The use of electronic distribution mechanisms such as the GRB Coordinates Network (GCN), Astronomer’s Telegrams (ATEL; Rutledge, 1998) , IAU Circulars, the Transient Name Server111https://wis-tns.weizmann.ac.il/, and services relaying Virtual Observatory Event (VOEvent; Williams & Seaman, 2006) messages have significantly alleviated the dissemination bottleneck. These mechanisms provide fast dissemination of transient alerts, but the data volume to date has been manageable enough for manual and visual processing upon receipt. For reference, the 4 Pi Sky collaboration maintains a database of VOEvent alert events going back to April 2014 that includes about 2.2 million alerts as of the writing of this paper (see Staley & Fender, 2016a and Staley & Fender, 2016b). The largest volume of these alerts are reports of Swift re-pointings broadcast by the GCN, but they also include photometric alerts from the ASAS-SN and Gaia collaborations among others.

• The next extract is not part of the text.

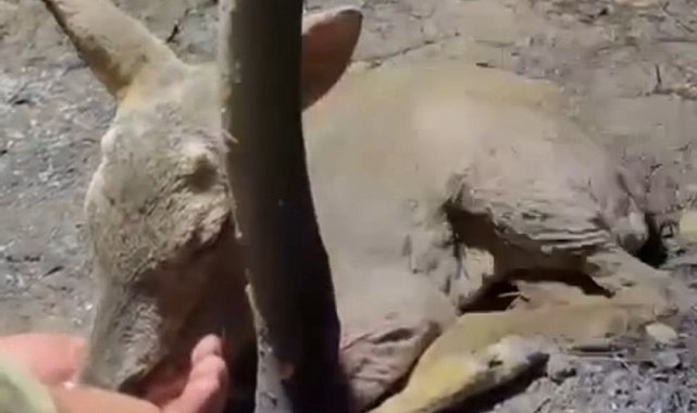Çanakkale'de çıkan orman yangınında yaralanan yavru ceylana ekipler su yetiştirildi

However, in the era of ZTF and upcoming Large Synoptic Survey Telescope (LSST; Ivezic et al., 2008), the bottleneck to discovery will likely shift from distribution to the ability to quickly isolate and prioritize detections of interest amid the flood of alert events: The volume of VOEvents included in the 4 Pi Sky database from all sources is about two nights of alerts from ZTF. Rather than only reporting events likely to be new explosive extragalactic transients, these surveys will stream all sources that are above a specified detection threshold in the difference image, whether they are likely due to transients, variable stars, or moving objects. This approach allows the science user the greatest flexibility in identifying candidates of interest for their individual science program. However, these alert streams place greater demands on network bandwidth and require new software systems to filter and aggregate sources of interest. Robust and scalable real-time processing capabilities for automated filtering and analysis of these alerts and subsequent integration capabilities with distribution mechanisms is therefore critical for enabling fast follow-up action and observations of time sensitive astronomical activity.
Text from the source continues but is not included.